The rainbow flag used on lanyards, pins, your logo – and even office cupcakes – should be used as a sign of allyship and a symbol to say to the LGBTQIA+ community “you are safe here”.
Anywhere you are using a rainbow for other reasons should be rethought.
6: Educate employees about pronouns
If you are thinking of asking your employees to add pronouns to their email signatures or to state them before talks or meetings, please educate them first about why this is helpful to some members of the LGBTQIA+ community.
Recently I have seen some backlash against “using pronouns”. One LinkedIn post I read recently said “I don’t use pronouns and I am proud of it”. The post was from someone who had been asked to state their pronouns for something at work. The post showed a clear misunderstanding about what a pronoun is – and confusion about why they had been asked to state theirs.
This turned into anger and them sounding off on LinkedIn which, instead of being inclusive to LGBTQIA+ community (which is presumably what the organisation was trying to do by asking employees to state their pronouns) turned into an internet pile-on from fellow people who also didn’t understand – and ended up being the opposite of LGBTQIA+ inclusive.
7: Watch your language
Morning ladies and gents…
The girls in Marketing…
It’ll take a lot of manpower…
Husbands and wives are welcome…
There is binary and heteronormative language like this everywhere and LBGTQIA+ inclusive language is not about eradicating all instances of the examples above from our lexicon forever or else.
It’s about getting into the mindset of:
- Becoming conscious about the ways in which you use language as an organisation
- Thinking about who you could be excluding (or offending) with it
- Thinking through what harm that could do to your business if you continue to use it
- Deciding whether you are OK with that as an organisation
As a colleague of mine once told their client “by all means, continue to open your charity benefit with “good morning ladies and gentlemen” but don’t then be upset if your non binary billionaire donor takes their money elsewhere”.

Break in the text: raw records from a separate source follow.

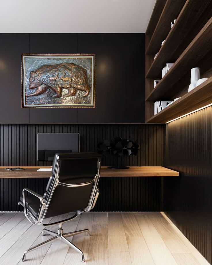 Чеканка . "Мишка , Север и олени" .Из серии "Север"...существует 5 разных работ серии с разными добавлениями волк , олени, оленевод , песцы,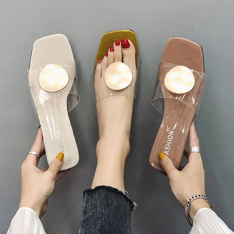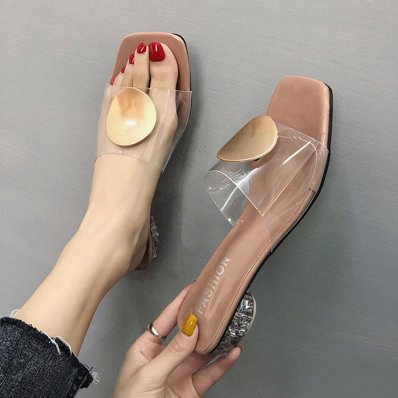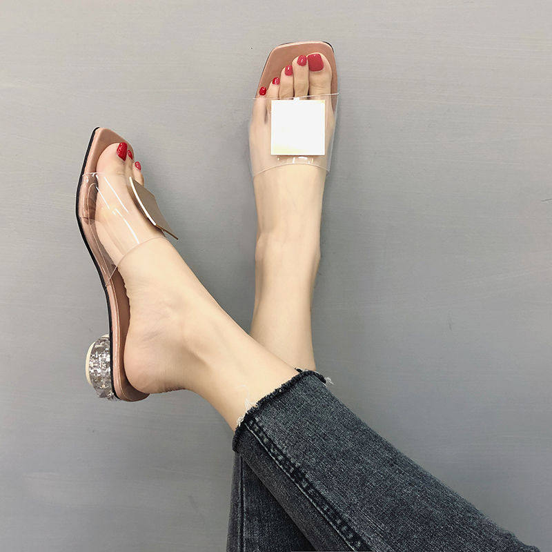 Women's crystal transparent slippers women wear summer thick heel fashion Korean version 2019 new high-heeled beach shoes women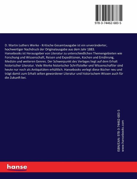 D. Martin Luthers Werke - Kritische Gesamtausgabe ist ein unveränderter, hochwertiger Nachdruck der Originalausgabe aus dem Jahr 1883.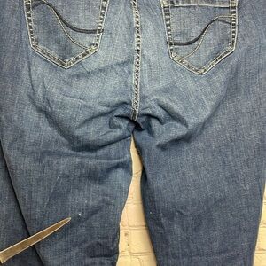 These jeans are in excellent condition aside from one small flaw. There is an imperfection as indicated in photos 7 and 8. I tried to get a photo of the imperfection from farther away to as to make the location more clear, and up close to show exactly what I'm referring to.

8: Look for representation everywhere
Look around your organisation. Everywhere you see a couple or parents or families in print, training, examples, illustrations, photographs, on your products, advertising, packaging – make sure you are representing all types of couples, parents and families.
You can be sure your LGBTQIA+ employees and customers will notice if you don’t.
9: Talk to your children
Ask any LGBTQIA+ parent and their fears and worries will be the same – will my kid be bullied because of our family?

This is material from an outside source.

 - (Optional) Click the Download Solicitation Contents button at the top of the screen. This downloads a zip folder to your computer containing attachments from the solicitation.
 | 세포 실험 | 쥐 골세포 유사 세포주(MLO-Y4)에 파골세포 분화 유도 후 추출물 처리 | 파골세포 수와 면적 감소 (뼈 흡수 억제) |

I don’t know about you, but I would be mortified if my kid was the one doing it.
So when I hear the question, “how young should I start talking to my kids about LGBTQIA+ topics?” my answer is always “as soon as they are old enough to hurt another kid’s feelings by asking an insensitive question”.
Heteronormative education for kids is everywhere – every book, TV show and movie. It’s up to us as parents to seek out age appropriate ways to show our kids that there are other ways to be, other ways to love and other ways to live.

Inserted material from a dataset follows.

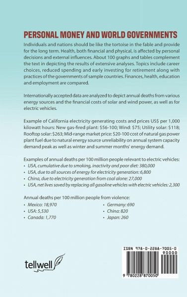 Individuals and nations should be like the tortoise in the fable and provide for the long term. Health, both financial and physical, is affected by personal decisions and external influences. About 100 graphs and tables complement the text in depicting the results of extensive analyses. Topics include career choices, reduced spending and early investing for retirement along with practices of the governments of sample countries. Finances, health, education and employment are compared. Internationally accepted data are analyzed to depict annual deaths from various energy sources and the financial costs of solar and wind power, as well as for electric vehicles. Example of California electricity generating capacity availability and costs in US$ per 1,000 kilowatt-hours: Wind 25.5% - $306; Utility Solar 27.5% - $447; Residential Solar 17.5% - $1,342. Market Value-only the $40-$100 cost of natural gas power plant fuel due to natural energy source unreliability on annual system capacity demand peak as well as winter and summer months' energy demand. Examples of annual deaths per 100 million people relevant to electric vehicles: USA, cumulative due to smoking, inactivity and poor diet: 380,000 USA, due to all sources of energy for electricity generation: 6,800 China, due to electricity generation from coal alone: 27,000 US, net lives saved by replacing all gasoline vehicles with electric vehicles: 2,300 Annual deaths per 100 million people from violence: Mexico: 18,970; USA: 5,530; Canada: 1,770; Germany: 690; China: 820; Japan: 260.

Don’t leave it to the 5 year old with two dads in the playground to be the one who has to educate your kid – and risk getting hurt in the process.
10: Be loud and proud
It’s become a bit fashionable at the moment to dismiss inclusive behaviour as “woke nonsense”, laugh about some inclusive efforts being ‘a step too far’ – or roll our eyes and dismiss certain things as “political correctness gone mad”.
Hundreds of LGBTQIA+ people each year take their own lives – or are killed.
The more mainstream and ‘normalised’ it becomes to laugh about gender identity, refuse to be inclusive and turn a blind eye to discrimination the more this number will increase.
This Pride month, decide to be the one to stand up for inclusion and be loud and proud in shutting down hate and discrimination, wherever you see it.